While the approach above works and it’s idiomatic Go, it has a few downsides worth mentioning:
- It works fine for one test case, but if the test file has many tests that modify the state of the test database, they will get contaminated with cleanup-like functions.
- Adding to the above point, imagine tests where we have to clean up other things, such as processes, files, or open sockets. That will lead to a substantial increase in cleanup-closures pollution.
- It adds cognitive overhead when reading the code, which otherwise is a straightforward testing code
- The definition of the
cleanupfunction is buried in thecreateUserfunction, visually separated from the test function that uses/invokes it. A reader of the test file can experience difficulty navigating the functions and putting the pieces together
Because of these reasons, the Go authors decided to add a t.Cleanup function
to the testing package. The
change was merged on
November 4, 2019 – right on time to get into the v1.14 release.
Let’s explore how t.Cleanup can make our life easier.
Adding data and cleaning it up, using t.Cleanup #
With the t.Cleanup, and b.Cleanup methods, we get better control to
cleaning up after our tests. t.Cleanup registers a function to be called when
the test and all its subtests complete. This means that even if our tests run
as subtests, which is the case in our example, the cleanup will only happen
after all the subtests are done.
Here’s the reworked version of our tests:
func createUser(t *testing.T, db *gorm.DB) {
user := User{Username: "jane", Password: "doe123"}
if err := db.Create(&user).Error; err != nil {
t.Fatal(err)
}
t.Cleanup(func() {
db.Delete(&user)
})
}
func TestServer(t *testing.T) {
db, err := gorm.Open("sqlite3", "./cleanups_test.db")
if err != nil {
t.Fatal(err)
}
defer db.Close()
createUser(t, db)
r := Router(db)
// Snipped for brewity...
}While the code change is small, there is a substantial difference between the new and the old versions.
The most significant difference lies in the fact that the createUser function
takes care of its clean up now. The invoker function (TestServer) does not
need to worry about the cleanup of the data added in the database – we know
that the createUser will remove the data. Most importantly, it will remove
the data just in time – once all of the subtests are done.
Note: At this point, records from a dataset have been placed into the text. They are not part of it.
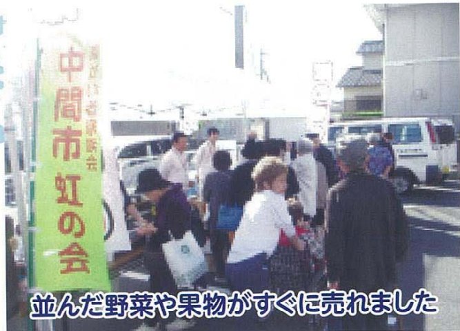
並んだ野菜や果物がすぐに売れました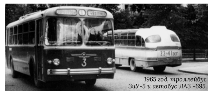
1965 год, троллейбус ЗиУ-5 и автобус ЛАЗ-695.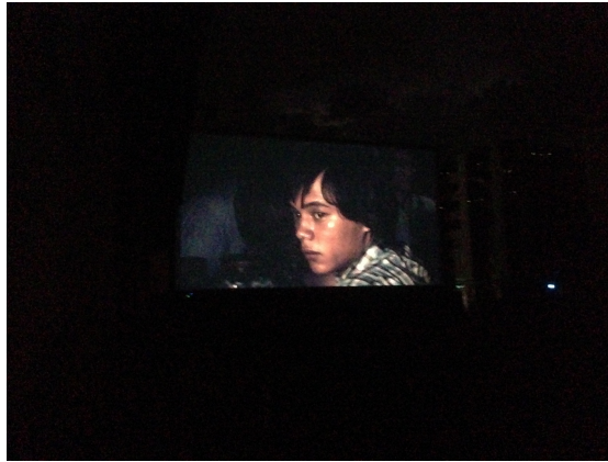
Extrait de: Maynila: Sa mga kuko ng liwanag , de Lino Brocka, 1975

De passage à Paris, je cherche en vain à manger philippin, le trend annoncé à New-York n'a pas encore franchi l'Atlantique. Internet recommande par contre un restaurant à Marseille, Palawan . Je me promets d'y aller à la première occasion, pourquoi ne pas y présenter le livre d'Annette Hug?

Having t.Cleanup, and b.Cleanup in the standard library does not stop us
from using the old way using composition and returning cleanup callbacks – it
is still a valid way to clean up any state or files that our tests might
create. But, using the new t.Cleanup & b.Cleanup functions things get a bit
easier: there’s now a way to do just that, and the standard library supports
it.
And having the Go v1 compatibility promise in mind – it is here to stay.